The Byun-Ghala slid west, following the Trill Hills that separated the mud pots to the north from the village of Burt. A thousand feet below and receding fast, brown lanes chugged with gray shapes. Steam engines, horses and carriages. Small platoons of local men stood in formation in the village square.

Caliph aimed one of the railing-mounted spyglasses and discovered they were armed with swords, pitchforks and probably a handful of chemical grenades. They were local militia lacking uniforms or armor. Some of their fellows loped along trails presumably hidden at ground level, darting under leafless trees that hardly camouflaged them from the sky.

They were getting ready.

But Brt cowered in the folded hills eight miles west of Isca. And if Saergaeth made it to Burt, Caliph knew nothing else would stop him.

In the cold air over Glmwood, Caliph squinted, checked charts and finally made out at nearly twenty-five miles just exactly what he was up against. Tiny flecks of red had begun to resolve against the hazy western chalkboard of the sky. Saergaeth’s zeppelin fleet numbered one hundred thirty-four according to the latest intelligence.

As the intervening miles shortened, the young soldiers on the deck looked solemnly west. Saergaeth’s cloud of measles swelled to the size of ruby-bellied reed flies, then cherries and, finally, they looked like great crimson balloons filled with blood.

Saergaeth had dyed his entire fleet red.

The crew began to take turns looking through the spyglass. They smoked nervously and peered into the lens.

One of the men cursed and grinned. He read the numbers painted on the taut skins and started calling them out. Caliph was looking too. He could see the enemy airmen walk across somehow hostile decks, smoke and look east through similar spyglasses. Caliph felt awed by the resolve. All around him, his men were ready to die and Saergaeth’s aeronauts were strange mirrors or doppelgangers.

The landscape below drifted in pastel grays, surreal and quiet except for five choratium horrors plowing through the snow. The Iscan heavies were heading west, ordered to provide ground support for the High King’s tiny fleet.

The Byun-Ghala had caught up with the rest of the airships. It slid between a pair of leviathans, a spiny minnow between goliath pike. Airmen on the other ships flashed signal lights in salute as the High King’s tiny dirigible sped past.

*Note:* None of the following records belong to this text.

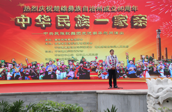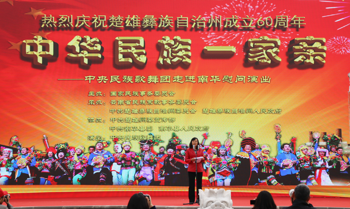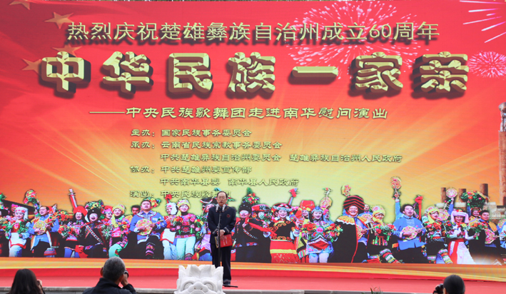 4月12日,由国家民委主办,云南省民宗委和州委、州人民政府承办的“中华民族一家亲”庆祝楚雄彝族自治州成立60周年中央民族歌舞团走进南华慰问演在县城龙泉广场举行。
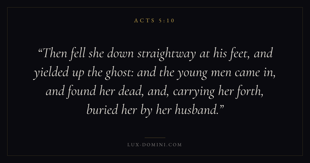 Then fell she down straightway at his feet, and yielded up the ghost: and the young men came in, and found her dead, and, carrying her forth, buried her by her husband.
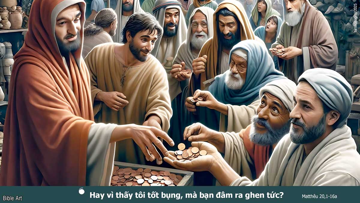 Khi ấy, Đức Giê-su kể cho các môn đệ nghe dụ ngôn này: “Nước Trời giống như chuyện chủ nhà kia, vừa tảng sáng đã ra mướn thợ vào làm việc trong vườn nho của mình. Sau khi đã thoả thuận với thợ là mỗi ngày một quan tiền, ông sai họ vào vườn nho làm việc. Khoảng giờ thứ ba, ông lại trở ra, thấy có những người khác ở không, đang đứng ngoài chợ. Ông cũng bảo họ: “Cả các anh nữa, hãy đi vào vườn nho, tôi sẽ trả cho các anh hợp lẽ công bằng.” Họ liền đi. Khoảng giờ thứ sáu, rồi giờ thứ chín, ông lại trở ra và cũng làm y như vậy. Khoảng giờ mười một, ông trở ra và thấy còn có những người khác đứng đó, ông nói với họ: “Sao các anh đứng đây suốt ngày không làm gì hết?” Họ đáp: “Vì không ai mướn chúng tôi.” Ông bảo họ: “Cả các anh nữa, hãy đi vào vườn nho!” Chiều đến, ông chủ vườn nho bảo người quản lý: “Anh gọi thợ lại mà trả công cho họ, bắt đầu từ những người vào làm sau chót tới những người vào làm trước nhất.” Vậy những người mới vào làm lúc giờ mười một tiến lại, và lãnh được mỗi người một quan tiền. Khi đến lượt những người vào làm trước nhất, họ tưởng sẽ được lãnh nhiều hơn, thế nhưng cũng chỉ lãnh được mỗi người một quan tiền. Họ vừa lãnh vừa cằn nhằn gia chủ: “Mấy người sau chót này chỉ làm có một giờ, thế mà ông lại coi họ ngang hàng với chúng tôi là những người đã phải làm việc nặng nhọc cả ngày, lại còn bị nắng nôi thiêu đốt.” Ông chủ trả lời cho một người trong bọn họ: “Này bạn, tôi đâu có xử bất công với bạn. Bạn đã chẳng thoả thuận với tôi là một quan tiền sao? Cầm lấy phần của bạn mà đi đi. Còn tôi, tôi muốn cho người vào làm sau chót này cũng được bằng bạn đó. Chẳng lẽ tôi lại không có quyền tuỳ ý định đoạt về những gì là của tôi sao? Hay vì thấy tôi tốt bụng, mà bạn đâm ra ghen tức?” Thế là những kẻ đứng chót sẽ được lên hàng đầu, còn những kẻ đứng đầu sẽ phải xuống hàng chót. Đó là lời Chúa.

A condensation trail arced suddenly into the sky, launched from one of the Iscan heavies. Like a crayfish darting in clear water, it left an organic muddy-looking trail. The projectile reached its zenith over a cavalry of light Iscan engines and plummeted past them into Saergaeth’s ranks of heavy foot. It detonated remote catastrophe. Orange smoke surged like a sudden mushroom. An exclamation point above imperceptible carnage that served to mark the beginning.

Saergaeth’s array was highly visible now. Floating from the Greencap Mountains with a kind of fatuous malignancy. Perhaps Miskatoll had built more. By Caliph’s estimate, nearly two hundred zeppelins darkened the sky, many nearly half a mile long.